The Need in Orthogonal Chromatographic Methods for a Small Molecule Project in Innovative Drug Development

Vladimir Ioffe, Analytical Development, CMC, Innovative R&D, Teva Pharmaceuticals Industries, Ltd., Netanya, Israel
Roxanne Schwartz, Analytical Development, CMC, Innovative R&D, Teva Pharmaceuticals Industries, Ltd., Netanya, Israel
Maher Kaadan, Analytical Development, CMC, Innovative R&D, Teva Pharmaceuticals Industries, Ltd., Netanya, Israel
Lev Keisar, Analytical Development, CMC, Innovative R&D, Teva Pharmaceuticals Industries, Ltd., Netanya, Israel
Gregory Verba, Analytical Development, CMC, Innovative R&D, Teva Pharmaceuticals Industries, Ltd., Netanya, Israel

The aim of this talk is to work out a mindset of developer of HPLC methods and to converse the need in complementary (or alternative) “orthogonal” chromatographic procedures and diverse detection techniques for complex coverage of all the possible characteristics of a biologically active (pharmaceutical) material. To illustrate this attitude, a case study of such a mindset is provided, on an example of a comparatively simple molecule.

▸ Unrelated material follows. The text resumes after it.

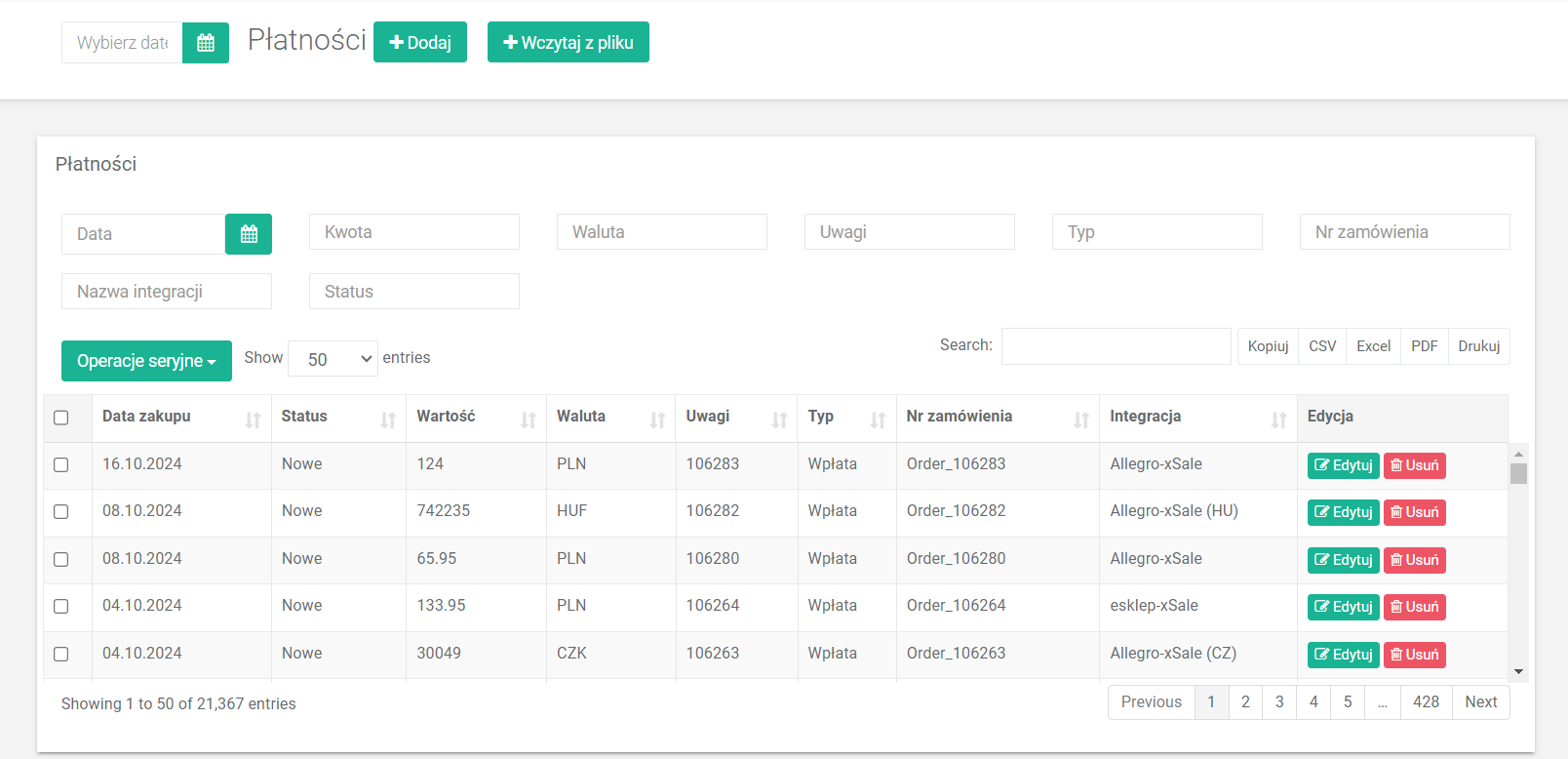 - Data – data dodania płatności

TV-3606 is a novel molecule aimed at MS therapy as an oral drug form, having a chemical structure close to a known drug, Riluzole, for treatment of amyotrophic lateral sclerosis (ALS). An RP HPLC method has been developed for testing the drug substance, capable of analyzing the main substance, as well as to quantitatively determine synthetic impurities and degradation products, thus being a discriminative stability indicating analytical procedure. Due to water insolubility, a lipid-based formulation has been developed, which demanded to either develop a complex extraction procedure, or chose an alternative analytical technique – normal phase HPLC – where the entire drug product may be dissolved in eluent-compatible solvent. For testing the formulated drug product, which is hard gelatin capsules filled with a solution of TV-3606 in medium chain triglyceride, an alternative technique, NP HPLC method has been established. On the example of the case, the principles of HPLC method development, both for RP and NP chromatography, are discussed in terms of various retention mechanisms and their combinations in chromatographic separations. Special attention is given to available tools in development of NP HPLC methods. Since NP HPLC provides fewer possibilities in mobile phase composition for optimization of separation, a “scouting of columns” had to be applied. Understanding of the usefulness of less volatile solvents in NP HPLC was gained. One of the most important points in analytical development for pharmaceutical industry which should be taken into account in an industrial R&D – to develop reliable and robust methods, friendly to a terminal user and – as simple as possible, taking into account that they are intended to be routinely run by QC analytical laboratories at a production site (“QC-able procedures”).